Pairwise producing empty csv #368

AroneyS opened this issue Jun 24, 2024 · 6 comments

Comments

@AroneyS
Copy link

AroneyS commented Jun 24, 2024

I am using sourmash to compare some custom kmer sets. I've used sourmash compare successfully, but in scaling up, I hit memory issues. To fix this, I tried sourmash scripts pairwise, which is much faster and less memory intensive in general, but I am getting some odd results in testing.

I have an example signature-set with 5 signatures, two identical. When I run sourmash compare, I get expected results, a Jaccard distance of 0 between the identical signatures and other comparisons as expected. When I run sourmash scripts pairwise, I get an empty csv.
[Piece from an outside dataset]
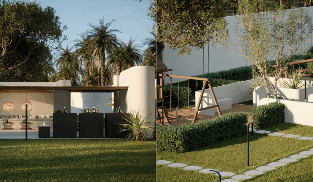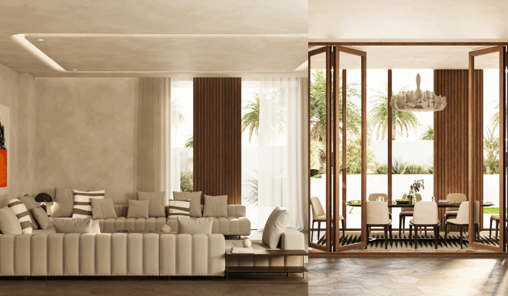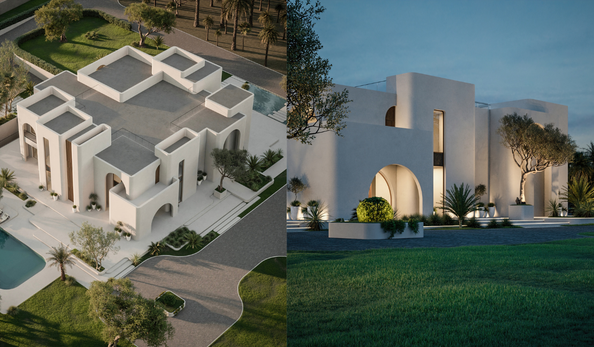 النوافذ في هذا المشروع ليست مجرد فتحات، بل تعمل كمداخل حقيقية تربط الداخل بالخارج، معززة بذلك التفاعل بين المساحات. معظم غرف الفيلا الرئيسية، المكوّنة من ثلاثة طوابق، تتمتع بإمكانية وصول مباشر إلى المساحات الخارجية.

Any ideas?

example.sig: [{"class":"sourmash_signature","email":"","hash_function":"0.murmur64","filename":null,"name":"sample_1","license":"CC0","signatures":[{"num":0,"ksize":60,"seed":42,"max_hash":18446744073709551615,"mins":[4635994617403463936,14326303558305821343],"md5sum":"2ce198fcc7ea357fb5069a0e9448516c","molecule":"DNA"}],"version":0.4},{"class":"sourmash_signature","email":"","hash_function":"0.murmur64","filename":null,"name":"sample_5","license":"CC0","signatures":[{"num":0,"ksize":60,"seed":42,"max_hash":18446744073709551615,"mins":[749074125177198013,4736707972582783194,14326303558305821343],"md5sum":"d915856b77f4c6b57b612093d402decc","molecule":"DNA"}],"version":0.4},{"class":"sourmash_signature","email":"","hash_function":"0.murmur64","filename":null,"name":"sample_2","license":"CC0","signatures":[{"num":0,"ksize":60,"seed":42,"max_hash":18446744073709551615,"mins":[4635994617403463936,14326303558305821343],"md5sum":"2ce198fcc7ea357fb5069a0e9448516c","molecule":"DNA"}],"version":0.4},{"class":"sourmash_signature","email":"","hash_function":"0.murmur64","filename":null,"name":"sample_3","license":"CC0","signatures":[{"num":0,"ksize":60,"seed":42,"max_hash":18446744073709551615,"mins":[428577040998145274,749074125177198013,4736707972582783194],"md5sum":"f0a7bceac43003ed9287bec5b5003c22","molecule":"DNA"}],"version":0.4}]

Sourmash compare command

sourmash compare example.sig -o test.mat -k 60 --distance-matrix

Result

0-sample_1              [0.   0.75 0.   1.  ]
1-sample_5              [0.75 0.   0.75 0.5 ]
2-sample_2              [0.   0.75 0.   1.  ]
3-sample_3              [1.  0.5 1.  0. ]

Sourmash pairwise command

sourmash scripts pairwise example.sig -o test.csv -k 60

Log, produces empty file

== This is sourmash version 4.8.9. ==
== Please cite Brown and Irber (2016), doi:10.21105/joss.00027. ==

=> sourmash_plugin_branchwater 0.9.5; cite Irber et al., doi: 10.1101/2022.11.02.514947

ksize: 60 / scaled: 1000 / moltype: DNA / threshold: 0.01
pairwise-comparing all sketches in 'example.sig' using 128 threads
Reading analysis(s) from: 'example.sig'
Loaded 4 analysis signature(s)
DONE. Processed 6 comparisons
...pairwise is done! results in 'test.csv'
@ctb
Copy link
Collaborator

ctb commented Jun 25, 2024

well, that is very weird - I have some ideas about identical sketches maybe causing problems with the way we load them - but I am traveling and can't debug in detail at the moment.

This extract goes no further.